▸ **Task instructions**
A precise copy of the data is required, with every picture left out.
━━━━━ Data provided ━━━━━
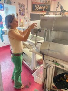 Remarkably, Ernest’s hand-built machines are still in use today, as are many of Mary’s syrup recipes, and the business continues to cool off customers with some “air-conditioning for your tummy.” Hansen’s Sno-Bliz is now in its 86th year, with Ernest and Mary’s granddaughter, Ashley Hansen, at the helm. Ashley’s was a long and loving journey to take on the business. She learned alongside her grandparents day by day. In a city that practically worships tradition, she honors her family and her customers by maintaining not just the original 1930s ice-shaving mechanics and syrup recipes, but also by cultivating the warm hospitality her grandparents always extended to anyone who entered.
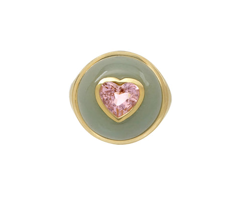 With its sweetly symbolic design and combination of colors, this statement-making Retrouvai ring is a stunning take on the traditional cocktail ring. The smooth, sage green aventurine is set with a pale pink tourmaline heart bezel set at its center. The composition is set in 14K yellow gold at the center of the polished 14K yellow gold band.
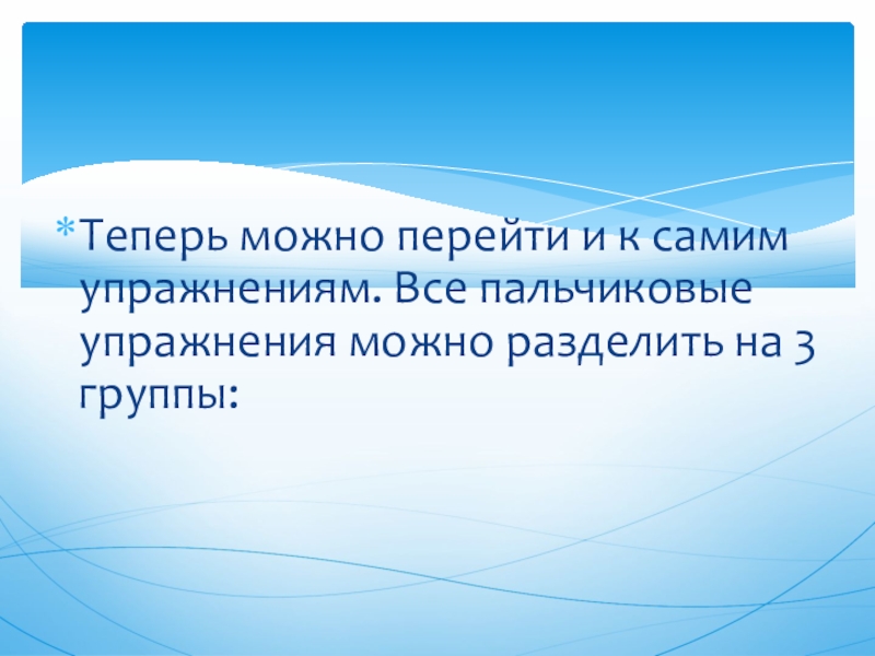 Слайд 11Теперь можно перейти и к самим упражнениям. Все пальчиковые упражнения можно
━━━━━
▸ **Solution for this problem**
 Remarkably, Ernest’s hand-built machines are still in use today, as are many of Mary’s syrup recipes, and the business continues to cool off customers with some “air-conditioning for your tummy.” Hansen’s Sno-Bliz is now in its 86th year, with Ernest and Mary’s granddaughter, Ashley Hansen, at the helm. Ashley’s was a long and loving journey to take on the business. She learned alongside her grandparents day by day. In a city that practically worships tradition, she honors her family and her customers by maintaining not just the original 1930s ice-shaving mechanics and syrup recipes, but also by cultivating the warm hospitality her grandparents always extended to anyone who entered.
 With its sweetly symbolic design and combination of colors, this statement-making Retrouvai ring is a stunning take on the traditional cocktail ring. The smooth, sage green aventurine is set with a pale pink tourmaline heart bezel set at its center. The composition is set in 14K yellow gold at the center of the polished 14K yellow gold band.
 Слайд 11Теперь можно перейти и к самим упражнениям. Все пальчиковые упражнения можно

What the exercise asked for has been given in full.